Adult film actress Stormy Daniels speaks outside federal court, Monday, April 16, 2018, in New York. (AP Photo/Mary Altaffer)

Adult-film actress Stormy Daniels was arrested at a strip club in Columbus, Ohio after allegedly touching patrons during a Wednesday night performance, according to police.

Columbus police charged Daniels, whose real name is Stephanie Clifford, with three misdemeanor counts of touching a patron at a "sexually oriented" business in violation of an Ohio strip club law, according to online court records.

Her lawyer, Michael Avenatti, said in an interview with The Washington Post early Thursday morning that after Daniels's performance at Sirens strip club, she was approached by undercover officers informing her that she would be arrested. Avenatti said she was accused of allowing a patron to touch her while on stage in a "nonsexual manner."

But according to an arrest report cited by Columbus news station WBNS, police accuse Daniels of touching "a specified anatomical area" of individuals present at the performance, including police officers.

The police report states that Daniels, while topless and wearing a G-string, allegedly put both of her hands on an officer's buttocks, placed both hands on an officer's breast, and then put her breasts in an officer's face. Avenatti said the officers present at the performance were in plain clothes.

Court records show Daniels posted $6,054.00 in bail and was released.
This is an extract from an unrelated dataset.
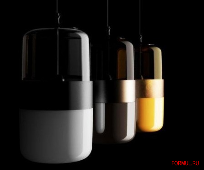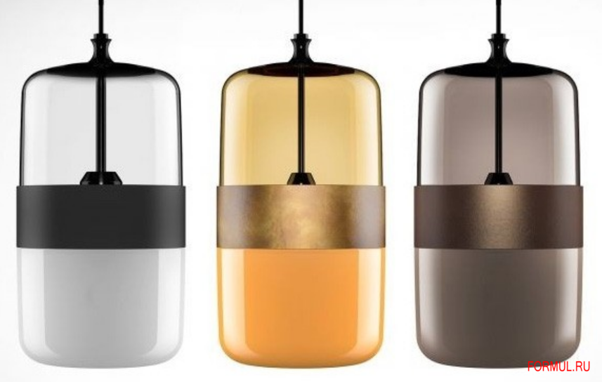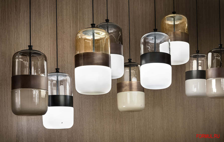 Коллекция подвесных светильников из дутого стекла, предлагается в трех различных эксклюзивных цветовых решениях, сочетающихся с разными отделками металлического кольца. Дутое стекло представляет собой цельный элемент. Благодаря особому процессу обработки стекло приобретает прозрачный вид в верхней части, а нижная часть сохраняет цвет рассеивателя.

She is scheduled to be arraigned in Franklin Municipal Court on Friday morning.

Stormy Daniels (Stephanie Clifford) was arrested in Columbus, Ohio, after a strip club performance. (Franklin County Sheriff’s Office)

An Ohio strip club law prohibits patrons from touching a nude or seminude dancer unless the patron is a member of the dancer's immediate family.

Avenatti said the arrest was a politically-motivated "sting operation." He said his client was "performing the same performance that she has conducted at over a hundred strip clubs around the country."

"This is ridiculous that law enforcement resources were used to conduct this sting operation," he said. "There has to be a better purpose for such resources."

A Columbus police spokeswoman did not immediately respond to requests for comment on the arrest. Reached by The Washington Post early Thursday, a representative for Sirens strip club refused to comment.

"We are highly confident that in the unlikely event that the district attorney proceeds with charges that she will be found not guilty," Avenatti told The Post.

The lawyer also took to Twitter early Thursday morning, calling the arrest a "a setup & politically motivated."

"It reeks of desperation," Avenatti tweeted. "We will fight all bogus charges."

The Ohio strip club law prohibiting the touching of dancers, the Community Defense Act, was proposed by a Cincinnati-based conservative religious organization and approved in 2007. But according to a Columbus Dispatch article in Sept, 2017 the law has rarely been used since then.

A spokesman for the Franklin County Sheriff's office could find no instances in which the 2007 law had been used, he told the Dispatch.

Daniels planned to be in Columbus Wednesday and Thursday as part of a nationwide tour, Avenatti said. The club, Sirens, advertised Daniel's appearance on Twitter ahead of Wednesday night's performance.

Earlier this week, Daniels performed in Washington minutes before President Donald Trump announced his Supreme Court nomination.

Daniels has been embroiled in a legal controversy with Trump over their alleged 2006 encounter, which he has repeatedly denied. She is suing Trump and his former personal attorney, Michael Cohen, to void a hush agreement she says she signed during the 2016 presidential campaign.

After denying knowledge of the payment, Trump admitted in May that his longtime lawyer, Cohen, was reimbursed through a monthly retainer for a $130,000 payment made to Daniels in 2016 to stop what Trump called "false and extortionist accusations" about a decade-old affair.